= National caveats =

Restrictions on use of force placed by NATO on members

A national caveat is a restriction that North Atlantic Treaty Organization (NATO) members place on the use of their forces. NATO General Bantz J. Craddock, NATO's Supreme Allied Commander Europe (SACEUR), was quoted as saying all caveats must be removed in February 2007 in an article written by the Associated Press. The level of constraints (i.e. caveats) is tied directly to the level of national interests a country has in a particular mission and the level of risk it is willing to take.

== National caveats ==
United States officials have urged NATO countries to eliminate caveats, and some steps have been taken to lift them, but the problem appears to remain. At the Riga Summit NATO nations agreed to lift caveats in a time of an emergency, however the definition of an emergency is debatable.

The problem of National Caveats is not new and was identified as a problem during the KFOR mission in Kosovo in 1999. NATO leaders met in Copenhagen, Denmark in 2005 to address the matter of national caveats. They passed RESOLUTION 336 on REDUCING NATIONAL CAVEATS, but the resolution was non-binding, meaning that nations could apply it as they deemed fit.

== Riga Summit ==
In November 2006, NATO held the Riga Summit. At the meetings, President George W. Bush called for countries to lift caveats. However, many analysts say the problem has not been solved. For instance, political scientist Joseph Nye stated in a 2006 article that "many NATO countries with troops in Afghanistan have "national caveats" that restrict how their troops may be used. While the Riga summit relaxed some of these caveats to allow assistance to allies in dire circumstances, Britain, Canada, the Netherlands, and the US are doing most of the fighting in southern Afghanistan, while French, German, and Italian troops are deployed in the quieter north. It is difficult to see how NATO can succeed in stabilizing Afghanistan unless it is willing to commit more troops and give commanders more flexibility."

== Afghanistan ==
Afghanistan was NATO's greatest test as to national caveats. The 28 nation alliance was leading the International Security Assistance Force (ISAF) Mission in Afghanistan, with some forty-eight diverse nations engaged in the nation building operation. Adding to an already complex task, many of the nations in the mission, whether NATO or not, had attached national caveat restrictions on their forces. This created opportunities for the insurgents in parts of the country, whilst also causing no small degree of friction within NATO proper between those nations willing to send their soldiers to the dangerous parts of the country (to fight), and those not willing to do so.

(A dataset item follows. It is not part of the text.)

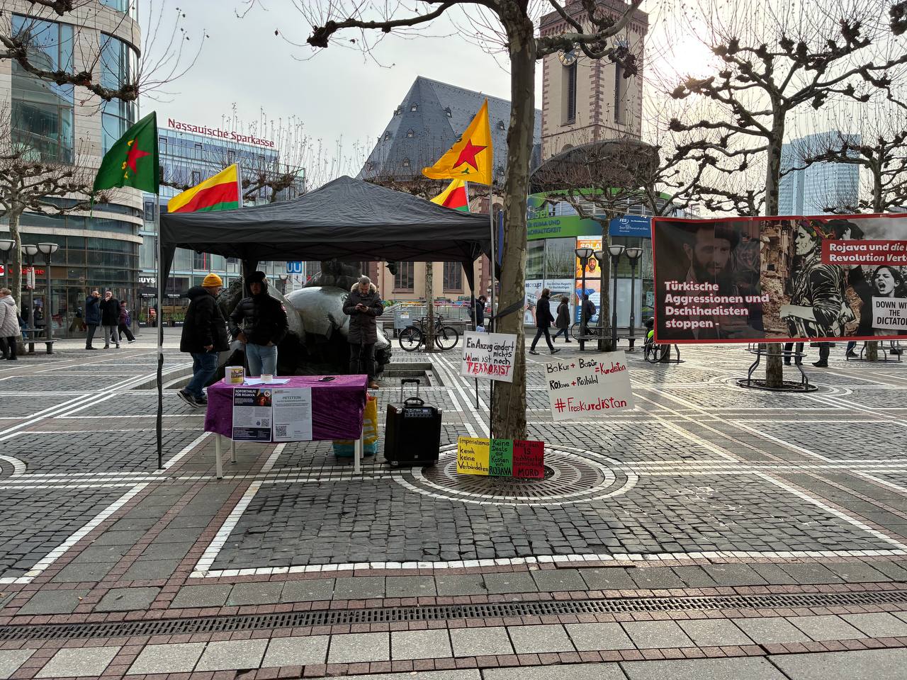 Frankfurt’un en merkezi noktalarından Hauptwache’de kurulan Infostand, saat 14:00’ten 17:00’ye kadar yoğun bir katılım ve ilgiyle devam etti. Yoldaşlar, Rojava’da kadın devriminin kazanımları, demokratik özerklik deneyimi ve faşist Türk devleti ile bağlı çetelerin saldırılarına karşı yürütülen direniş hakkında kapsamlı bilgi verdi.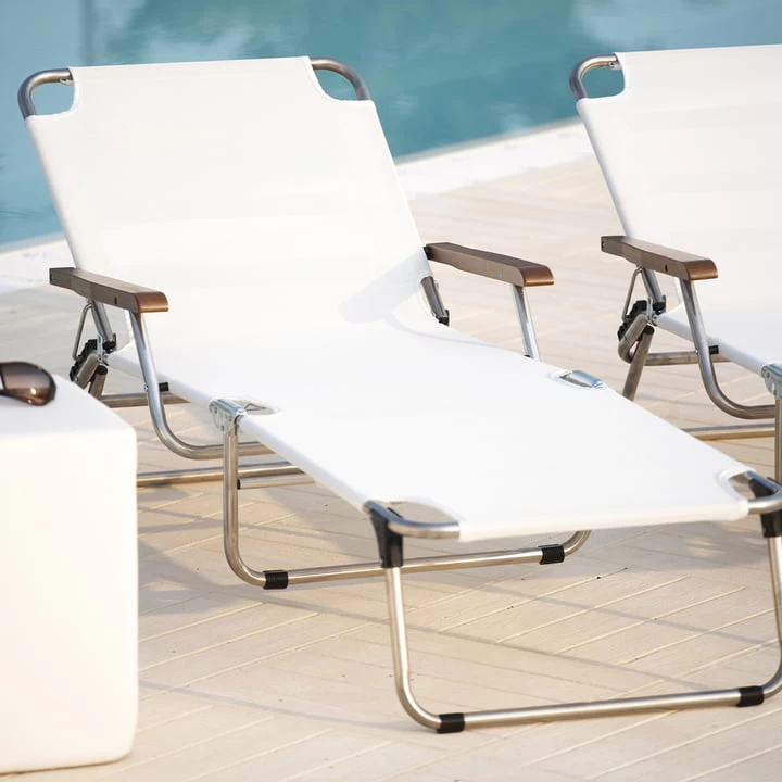 De materialen die gebruikt zijn voor de vouwbank van Fiam zijn bijzonder innovatief. Het frame is gemaakt van aluminium – dus stabiel en licht tegelijk. De bekleding van de ligstoel is gemaakt van Textilene, een high-tech stof die weerbestendig en UV-bestendig is. Textilene is zo flexibel en luchtdoorlatend dat comfortabel zitten en liggen gegarandeerd is. Het moderne textiel is ook gemakkelijk te onderhouden en te reinigen.

US Army Colonel Douglas Mastriano, in a research project at the US Army War College in Carlisle, Pennsylvania, discussed the challenges that this dilemma poses to the alliance, and although daunting, argues that one should expect this from a system of independent nations that have divergent interests and political will in regard to Afghanistan. He argues that strategic leaders have to operate with what nations are willing to give and thereby leverage NATO's troops where they can do the most good. Despite the difficulties, Mastriano says, "When one looks at the ISAF mission holistically, Afghanistan has been good for the alliance. It has expanded its global role, demonstrated that it can conduct a sustained out of area mission, NATO can operate with coalition partners from around the world, it has endurance (now ten years in Afghanistan, and counting) and that it is not easily intimidated. Despite the Taliban's efforts otherwise, NATO has endured relatively high casualties (higher than many nations anticipated), and despite this, none of these nations have retreated in the face of it."

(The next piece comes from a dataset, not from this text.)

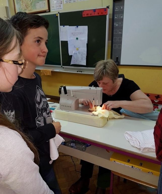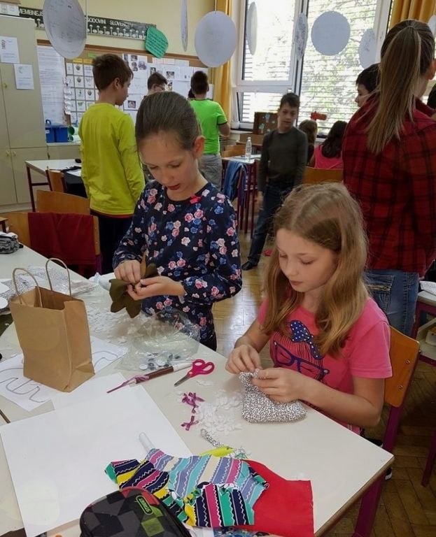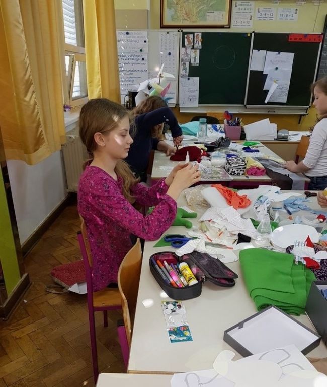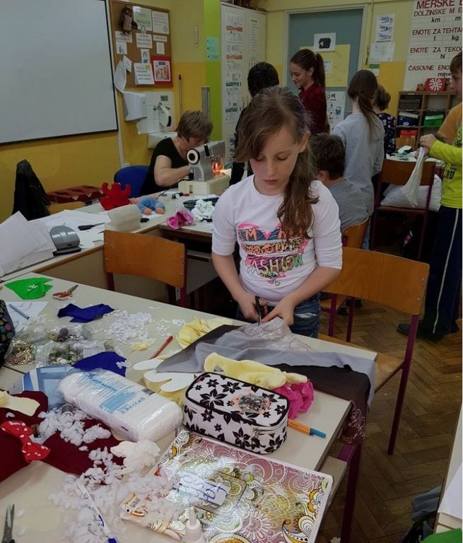 Počakali smo našo spremljevalko, gospo Danijelo, in se vrnili v šolo. Po malici smo z veseljem pričeli z ustvarjanjem svojih izdelkov. Joj, kako sem bila nestrpna in kar nisem vedela, za kaj bi se odločila. Na izbiro smo imeli izdelovanje žabice, peresnice ali blazine. Jaz sem naredila blazino v obliki srčka v rdeči barvi s čipko na sredini. Najprej sem izrezala šablono za obris, ki sem jo čez čas posodila ostalim sošolcem. Ko sem jo obrisala, sem srček še hitro in previdno izrezala in vajo ponovila za drugo stran omenjene okrasne blazine. Na pomoč pri šivanju nam je priskočila tudi Julijina mamica in nam na šivalni stroj sešila izdelke. Delčka blazine ni zašila do konca, da sem jo lahko kasneje napolnila s polnilom, tako je bil videti še večji, lepši in predvsem prijetnejši na otip. Medtem ko se je moj srček šival, sem z veseljem pomagala sošolki Adriani obrisati šablono na njeno blago in izrezati srček. Zelo sem se razveselila svojega končnega izdelka, saj je bil zares nekaj posebnega! Zelo mi je bil všeč tudi Emin zeleni srček, saj je bil v primerjavi z mojim nekoliko večji in zelo napolnjen s polnilom. Skoraj ob zaključku dela smo lahko odšli v sosednji, 5. c razred, kjer smo si ogledali kakšne izdelke izdelujejo oni. Povabilo in obisk mi je zelo godil, saj me je zanimalo, kaj je uspelo narediti njim. Tudi oni so bili zelo ustvarjalni. Na koncu pouka smo še dan dejavnosti vsi skupaj analizirali in ovrednotili. Vsi smo ga ocenili z oceno pet, saj je bil vsem zelo všeč!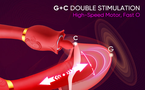 Our rose toy for women with a combination of a tongue licking sucking thrusting' to offer you dual stimulation. Both parts have multiple speeds and settings that can be controlled easily, you can use one part of the rose vibrator by itself if you don't want to use them at the same time.

As to the Afghan mission, Mastriano says, "Nine years after the 9/11 attacks, things look grim in Afghanistan, but it is not too late. NATO, and her strongest partner, the US, possess both the initiative and ability to turn things around... They simply must do the hard work to create unity of effort and unity of command through capable leadership because losing is not an option."

== Iraq ==
Caveats are also applied in Iraq. According to an article written by Major General Rick Lynch and Lieutenant Colonel Phillip D. Janzen, US Army, "National caveats on personnel participating in NATO-led operations are not a new challenge. Lessons learned from operations in the Balkans often emphasize the impact of caveats on that mission. Nations contributing personnel to the NATO Training Mission - Iraq (NTM-I) also apply operational caveats to their force offerings, to include restrictions on the place of duty and length of deployment. Operational impacts from caveats are countless but include restricting force protection troops from securing vehicle convoys. Another case involves limiting personnel to duty in Baghdad's International Zone."